We can select points in the phasor plots and visualize their localization in the cell image. We find that the points corresponding to FRET, and thus eGFP-PLCβ1 / mCherry-Ago2 complexes, are localized in the cytoplasm (Fig. 3C). In contrast, points corresponding eGFP-PLCβ1 alone are found both on the plasma membrane and the cytoplasm.
eIF5A binds to PLCβ1 competitively with C3PO and Gαq
To remain cytosolic, stress granule proteins must bind to PLCβ1 in a manner competitive with Gαq or it would localize to the plasma membrane.

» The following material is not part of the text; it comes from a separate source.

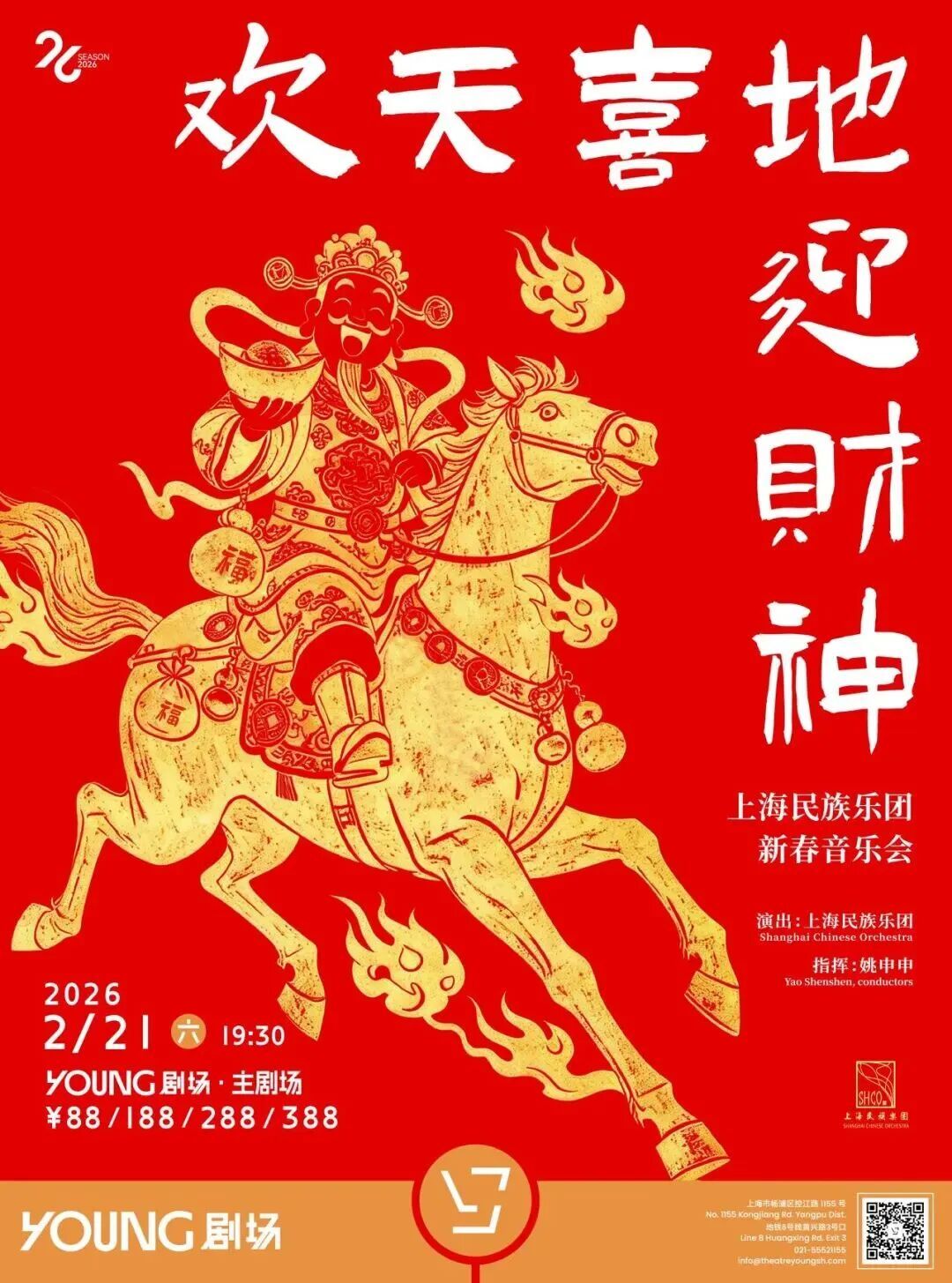 恰逢正月,上海民乐团的《欢天喜地迎财神》《国乐中的十二生肖》也将在YOUNG剧场上演,快闪演出将不定时掉落,敬请期待!

We previously have shown that PLCβ1 binds to C3PO in the same C-terminal region as Gαq (14) and that competition between C3PO/Gαq regulates PLCβ1’s ability to generate calcium signals through Gαq activation, or its ability to reverse siRNA, respectively (23). With this in mind, we searched the proteins identified in the mass spectrometry for stress granule proteins that could draw PLCβ1 away from Gαq. These data indicate a potentially strong association between PLCβ1 and eIF5A (Fig.1B). Additionally, eIF5A, which is a GTP-activating protein (24), has homologous regions to the GTPase region of Gαq (see Discussion) and so we chose it for further testing.
In an initial study, we purified PLCβ1 and covalently labeled it with a FRET donor, Alexa488. We then purified eIF5A, labeled it with a FRET acceptor, Alexa594, and measured the association between the two proteins in solution by fluorescence titrations similar to previous studies (25). We find that the two proteins bind with strong affinity (Kd = 27 + 5nM). However, when we formed the Alexa488-PLCβ1-C3PO complex and titrated Alexa594-eIF5A into the solution, we could not detect FRET (supplemental). This result suggests that eIF5A binds to the same region as C3PO, and similarly, to Gαq (see (14)).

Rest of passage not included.